В 2003 году вышла в свет энциклопедия Республики Мордовия. В первом томе справочника - биографии самых значимых граждан Мордовии. Среди них - наш земляк, уроженец села Матвеево, ныне консультант Председателя Правительства РМ Василий Данилович Еремкин.
В.Д. Еремкин родился в крестьянской семье в послевоенном августе. Среднюю школу закончил в Темниковском интернате. Там же начал писать первые заметки в нашу районную газету «Колхозный путь». В 18 лет принят в Союз журналистов России. Тяга к гуманитарным наукам, творчеству заставила подать документы в Московский госуниверситет им. Ломоносова. Однако сельскому парню без практической работы в приёме на факультет журналистики отказали, зато в Мордовский на зоотехнию приняли сразу.

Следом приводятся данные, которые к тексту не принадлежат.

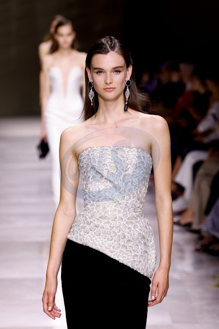 Défilé de mode Haute-Couture automne-hiver 2024/2025 "Armani Privé” lors de la Fashion Week de Paris le 25 juin 2024. Armani Privé" Autumn-Winter 2024/2025 Haute Couture fashion show at Paris Fashion Week on 25 June 2024.
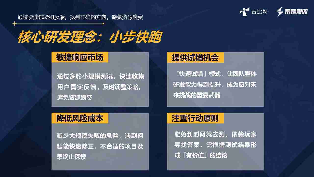小步快跑不是找答案,,而是验证答案。。。。我们之前有项目是这样的,,有些制作人会有几个方向觉得都可以做,,,但是不确定做哪一个,,会选择几个都做,,做完拿到市场跑,,,,跑出哪一个更好,,,基于这个再做后续的研发和拓展。。。但这种情况最容易出现一个问题,,可能被玩家裹胁,,,玩家说这个点不错、、、那个点不错,,到底听还是不听,,不听感觉是无视玩家的反馈,,听的话,,可能自己没想清楚导致研发思路发生偏颇。。。。所以针对这一点后面自己复盘整理,,,,发现制作人自己心里要有数,,,,要做自己觉得好玩的,,,而且明确知道这个东西是你想做的,,,然后拿到市场验证这个答案是不是对的,,,而不是拿一堆答案找哪一个答案更好。。

Свой путь в литературу начинал, работая в редакциях республиканских газет «Молодой ленинец», «Советская Мордовия». Был заведующим молодёжной редакцией и заместителем главного редактора общественно-политических передач на мордовском телевидении.
Он автор рассказов и очерков о деревне. Уже в 1968 году в Мордовском книжном издательстве вышла его первая книжка «Вырастут деревья большими». Затем в разные годы – ещё ряд изданий: «Рядом шептались колосья», «Стряпухины», «Саранск», «Не остуди сердце своё». Все книги пронизаны любовью к людям, родному мордовскому краю. Сам Василий Данилович - глубоко человечный и добрый, поэтому все его герои честны и порядочны, независимо от того, в какие бы сложнейшие ситуации ни попадали.
Василий Данилович - Лауреат государственной премий РМ и Союза журналистов МАССР. Награждён медалью «За трудовое отличие».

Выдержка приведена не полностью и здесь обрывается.